I already sold my vote for forum points.


----------



## CENTERLINE MV (Jan 9, 2011)

I nominate FramingPro, seems like he's really come a long way in the past few years and has more ambition than most anyone his age.


----------



## Driftweed (Nov 7, 2012)

Inner...save madrina for the calendar...


----------



## TNTRenovate (Aug 19, 2010)

Cricket said:


> You can certainly choose not to participate in this, but if you choose to do so I am respectfully requesting that you choose ONLY one member to nominate. Since the vote will only be amongst the top nominations, the vote would certainly still be necessary. :thumbsup:


Makes no sense. If I nominate one person I am going to vote for that person 99 times out of a 100. Why else would I nominate them.

Now If everyone nominated 4 or 5 people you would get a true picture of the top three and then I wouldn't have my vote exposed by the open nomination.

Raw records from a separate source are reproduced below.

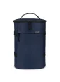 A modern and sustainable update to a functional backpack cooler using recycled fabric and webbing made from plastic bottles. Front zippered pocket for storing accessories. Dual zippered opening to large, insulated main compartment. Side webbing daisy chains to serve as attachment points. Dual carry options with adjustable, padded backpack straps and a convenient top grab handle. Holds 20 cans. Complies with CPSIA, Prop 65. 6.5" W x 14.75" H x 10" L
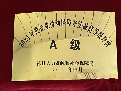 勞動保障守法誠信等級評價主要是對企業(yè)遵守勞動保障法律、法規(guī)及規(guī)章制度,履行守法誠信義務方面的專項評價。此次評價由隴南市禮縣人力資源和社會保障局組織實施,通過多輪實地考察與綜合評價,景禮項目部最終被認定為“2021年度企業(yè)勞動保障守法誠信等級評價A級企業(yè)”。
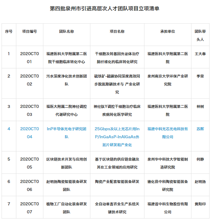 ICC訊(編輯:Aiur)近日,泉州市科技局公布了第四批引進(jìn)高層次人才團(tuán)隊(duì)項(xiàng)目立項(xiàng)結(jié)果,經(jīng)過申報(bào)、受理、初審、專家評(píng)審、現(xiàn)場考察、會(huì)議研究、公示等程序,確定立項(xiàng)項(xiàng)目七項(xiàng)。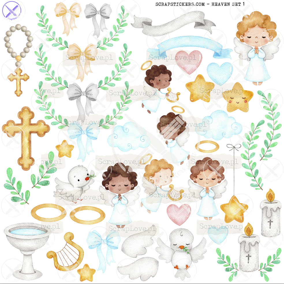 angels, angel, angel halo, halo, harfy, harfa, harp, harps, first communion, communion, komunia, pierwsza komunia, pierwsza komunia święta, anioł, anioły, aniołek, aniołki, liście, wstęgi, różaniec, rosary, religijne, religious, niebo, heaven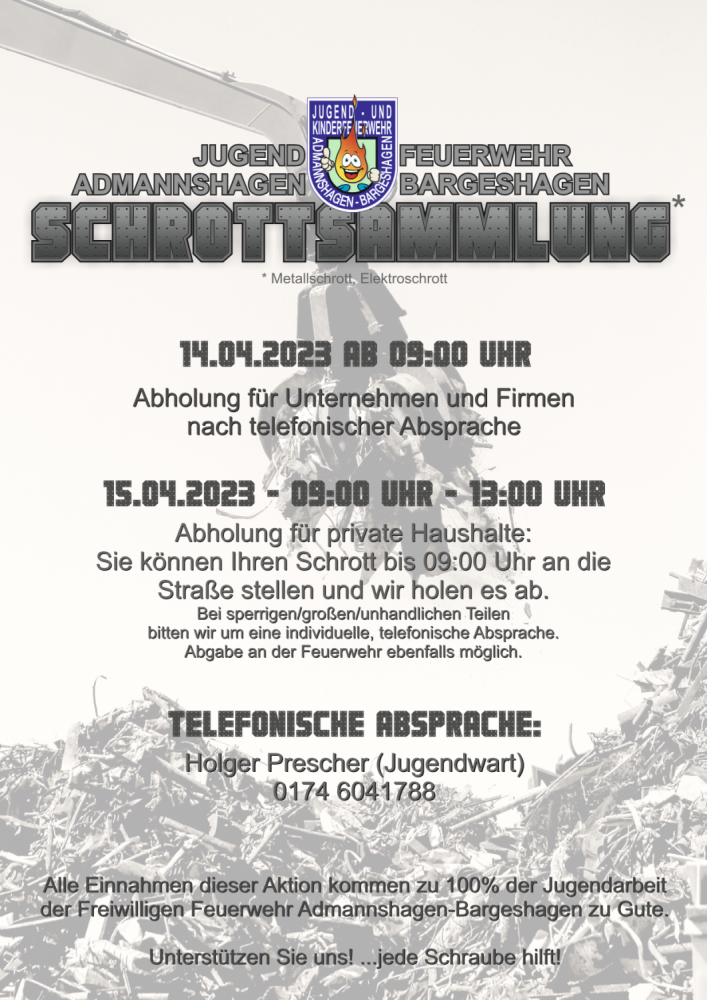 am 15.04. sammelt unsere Jugendfeuerwehr in der gesamten Gemeinde Admannshagen-Bargeshagen Schrott. Das Geld welches Sie einnehmen, kommt unseren Kindern & Jugendlichen aus der Jugendfeuerwehr zugute.

If it's going to run like this, I won't participate. It's just kinda silly. Nominate one person...everyone sees who has how many votes and then adjusts there vote so that no one loses by a huge margin and then you never know who really was the true contractor of the month.


----------



## Splinter (Apr 5, 2005)

I had to thank TNT's last post... Not because I agree with him, it's just that his ridiculousness can be so entertaining.


----------



## BlueRidgeGreen (Apr 21, 2012)

Splinter said:


> I had to thank TNT's last post... Not because I agree with him, it's just that his ridiculousness can be so entertaining.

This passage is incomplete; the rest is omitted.